The Opportunity to Learn (OTL) construct specifies what occurs in schooling, the process of instruction in the classroom. Caroll’s (1963) model was among the first to specifically address classroom learning. Bloom and his colleagues made use of Caroll’s theory in the OTL measures developed in the First International Mathematics Study. Most of the research that has investigated the relationship of OTL to what students know has been conducted with measures of students’ learning of the mathematics taught in school. The PISA emphasis on ML raises the question as to what occurs in schools that might support the development of ML as defined and measured in PISA (De Lange, 2003). This uncertainty about what it is in schooling that may support the development of ML is related to at least two issues. One has to do with the nature of learning and the other has to do with the nature of instruction.
How Students Learn focuses on three “fundamental principles” (NRC, 2005). The development of ‘mathematics proficiency’ requires students to have “a foundation of factual knowledge (procedural fluency), tied to a conceptual framework (conceptual understanding), and organized in a way to facilitate retrieval and problem solving (strategic competence)” (Fuson et al., 2005). Although all three of these competencies should be outcomes of schooling, the PISA ML focus would appear to be most closely associated with the last of these.

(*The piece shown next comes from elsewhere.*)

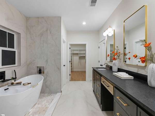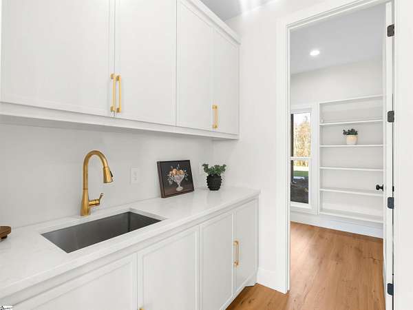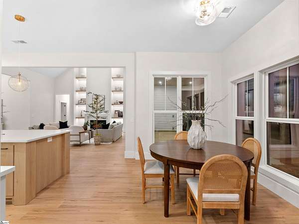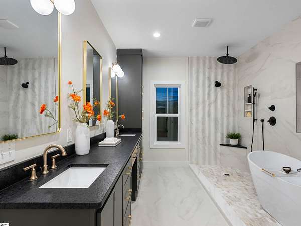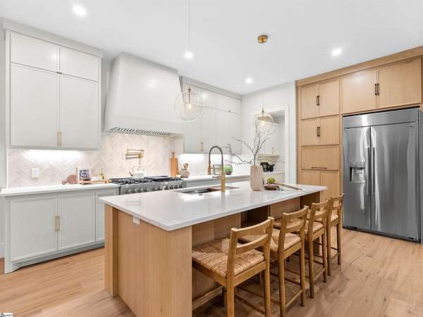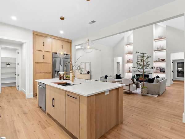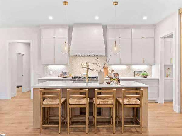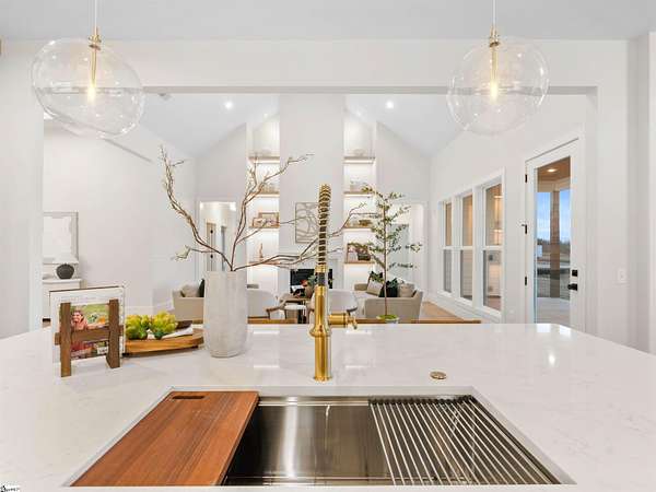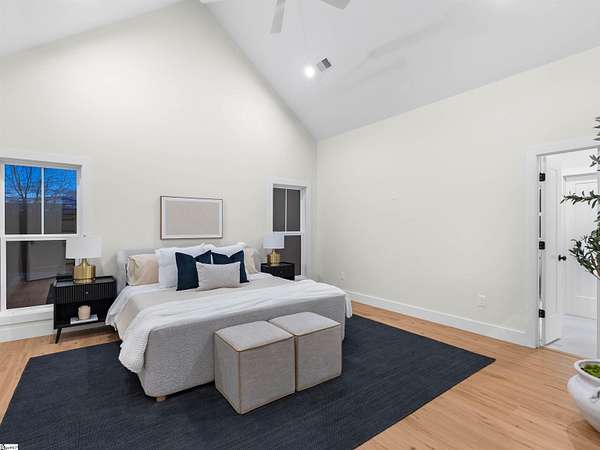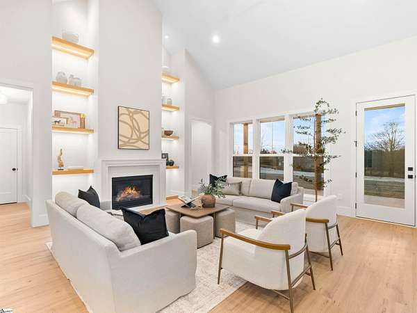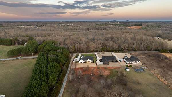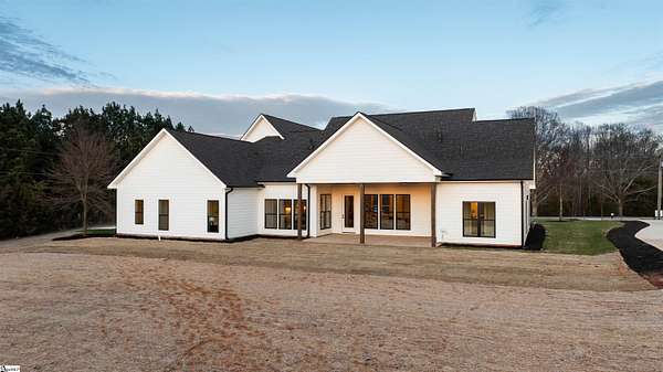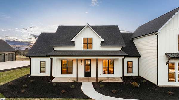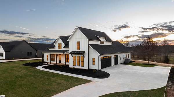 Welcome home to Sunset Acres, a residence that brings multiple generations together. This newly crafted farmhouse stands tall as you pull in to the long paved driveway, occupying 2 acres. Drawing near the entrance, a deep stained tongue and groove patio with a copper gas lantern ushers your arrival. Inside, a foyer draws you into a layout that lives mostly on one level, where movement feels natural and unhurried. Coffered ceilings at twelve feet create a subtle frame for the formal dining. A great room opens wide with vaulted ceilings climbing up to twenty feet. A fireplace lined with custom shelves holds books or treasures under soft, integrated lighting. The kitchen stands as the heart, centered around a quartz island and wrapped in two-tone cabinetry. A built-in refrigerator and concealed microwave hide seamlessly, while a large hood hangs over a ZLINE 8 burner range, a double oven, and a pot filler, ready for any recipe. A café bar with prep sink ready for quick pours in the morning and afternoon pick-me-ups. Beyond, a scullery tucks away everyday messes, keeping the rhythm smooth in the kitchen. Four bedrooms anchor the main floor, including one ensuite for added seclusion. The primary bedroom echoes the home’s airy feel with its own vaulted ceiling and a built-in closet system that organizes life neatly. A discreet closet door connects directly to the laundry room, simplyfing daily flow. After a long day, the primary bath offers a sancuary esape with a freestanding tub and a cascading rainfall shower. A dedicated makeup station built into the vanity with an adjoining linen storage is practical for everyday life. Upstairs, a fifth bedroom transforms into a self-contained retreat. Ideal for an elder, guest or returning family member, with its own kitchenette and full bath, fostering independence. This setup nurtures a multigenerational concept, creating a household that feels both united and respectful of individual needs. Out back, a dark stained tongue-and-groove ceiling hovers over a 24x14 patio, ready for an outdoor kitchen. This 2 acre parcel allows for a variety of recreational hobbies, a garden bed turning soil to blooms, or even a pool to bring the family together for summer BBQs. As day fades, the backyard turns westward, where sunsets unfold in the horizon. Minutes away, Fountain Inn and Simpsonville shops and restaurants add convenience without crowding the peace. Equestrian centers, recently renovated gyms, and local farmer boutiques create an organic lifestyle. At Sunset Acres, your story is yet to be written.

As soon as one specifies something to be learned, the question “how shall this be accomplished” immediately follows. This becomes an instructional or pedagogical issue. Responses to this question have historically contrasted a focus on “pure” versus “applied” approaches to mathematics teaching (de Lange, 1996). Instruction focused on “pure” mathematics centers on the study of the academic aspect of mathematics: its definitions, relations, and structure. Upon mastery of these, students may then be asked to apply their knowledge to real world situations. In contrast, the applied approach focuses on connecting mathematics to the real world at all times. The meaning and value of mathematical rules and definitions must be illustrated through practical, real world situations.
Method
Expected Outcomes
References
References Carroll, J. B. (1963). A model of school learning. Teachers College Record, 64(8), 723-733. de Lange, J. (2003). Mathematics for literacy. In B. L. Madison & L. A. Steen (Eds.), Quantitative literacy: Why numeracy matters for schools and colleges (pp. 75-89). Princeton, NJ: The National Council on Education and the Disciplines. de Lange, J. (1996). Using and Applying Mathematics in Education. In A. J. Bishop, K. Clements, C. Keitel, J. Kilpatrick & C. Laborde (Eds.), International Handbook of Mathematics Education, Part 1 (pp. 49-97). Dordrecht: Kluwer. Fuson, K. C., Kalchman, M., & Bransford, J. D. (2005). Mathematical Understanding: An Introduction. In M. S. Donovan & J. D. Bransford (Eds.), How students learn: history, mathematics, and science in the classroom (pp. 217-256). Washington, DC: Committee on How People Learn, A Targeted Report for Teachers, Division of Behavioral and Social Sciences and Education, National Academy Press. National Research Council. (2005). How students learn: history, mathematics, and science in the classroom. Washington, DC: Committee on How People Learn, A Targeted Rport for Teachers, Division of Behavioral and Social Sciences and Education, National Academy Press. Schmidt, W. H., McKnight, C. C., Houang, R. T., Wang, H. A., Wiley, D. E., Cogan, L. S., & Wolfe, R. G. (2001). Why Schools Matter: A Cross-National Comparison of Curriculum and Learning. San Francisco: Jossey-Bass.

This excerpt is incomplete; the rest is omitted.